Per cercare un rimedio ai suoi guai e prevenire l'influenza, il 35enne vinchingo, nato a Rotterdam e vissuto da piccolo per almeno un anno anche a Città del Capo, Laos e Nairobi per via del lavoro del padre diplomatico, ha deciso di operarsi alle tonsille. "La cosa che mi limita maggiormente quando sto male - ha rivelato - è non poter assumere le mie solite 10.000 calorie al giorno. Mi devo accontentare della metà".
Andresen non è proprio l 'ultimo arrivato. In carriera ha vinto 15 prove di Coppa del mondo di biathlon, compreso l'oro iridato nella sprint di Holmenkollen nel 2000. Pure quella volta ha rischito di perdere il titolo per non aver chiuso l'otturatore della carabina una volta uscito dall'ultimo poligono. Distrazione perdonata dalla giuria che forse non se l'è sentita di privarlo della gioia della vittoria davanti alla sua gente.
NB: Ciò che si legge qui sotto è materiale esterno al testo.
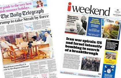 Lufta në Lindjen e Mesme dhe një foto e Andrew Mountbatten-Windsor me Jeffrey Epstein dhe Peter Mandelson dominojnë gazetat e…
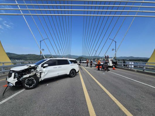 4일 오전 9시 20분경 강원 춘천시 춘천대교에서 차량 여러 대가 연이어 충돌하는 사고가 났다.
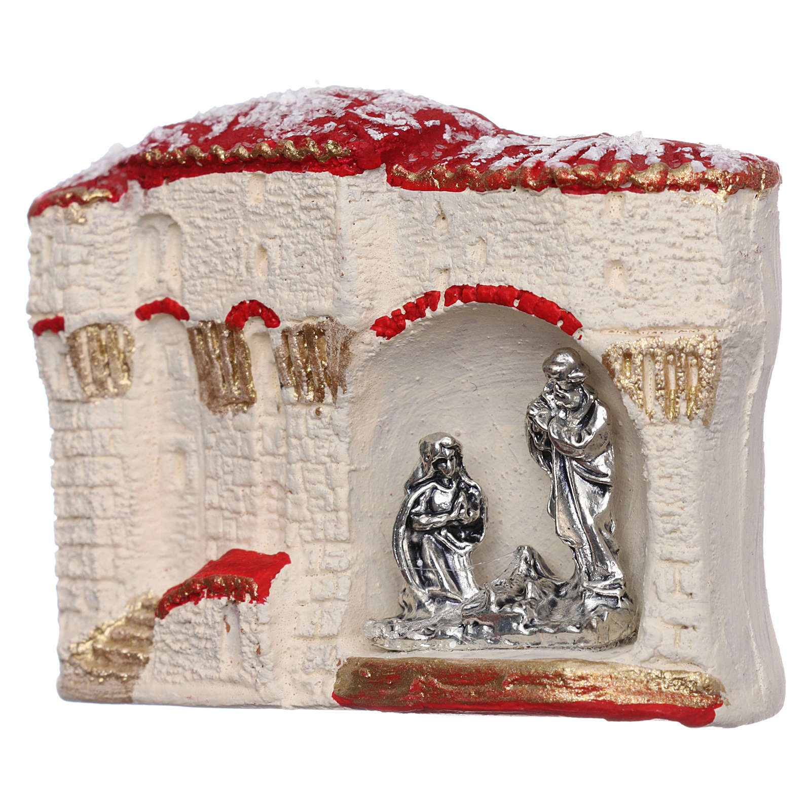 Magnete che raffigura un paesaggio arabo con Natività in metallo.

Laureato in economia, esperto di borsa, il premio più bello forse l'ha ricevuto dal Comitato Egebergs Ærespris, che dal 1919 nomina lo sportivo norvegese che si distingue in due o più discipline sportive. E lui se la merita davvero la statuetta di bronzo scolpita da Magnus Vigrestad e assegnata in passato ai colleghi Grete Ingeborg Nykkelmo (1990), Bjoerndalen (2002) e Lars Berger (2006).
Oltre alla collezione completa di medaglie nel biathlon ai Giochi (oro nella staffetta '98, argento e bronzo nelle sprint '98 e '06) e ai Mondiali (oro nella sprint e argento nella staffetta del 2000, bronzo spint e staffetta nel '99), il compagno nella vita di Gunn Margit Andreassen e padre di David, nato il giorno di Natale 2004, si dovrebbe tener conto infatt dell'ottavo posto nella mitica 50 km di Holmenkollen di fondo nel 2008 e il 26esimo posto ai campionati norvegesi di ciclismo.
E se per qualuno le medaglie più autentiche sono cicatrici, indelebili come ricordi di battaglie combattute sul campo, dottor Frode e mister Andresen ne ha tatuate diverse sul corpo: frattura alla clavicola e ossa rotte per cadute in mountan bike e snowboard, figlie di un brutto volo in skateboard che da piccolo gli è costato qualche dente da latte. Altro che raffreddore.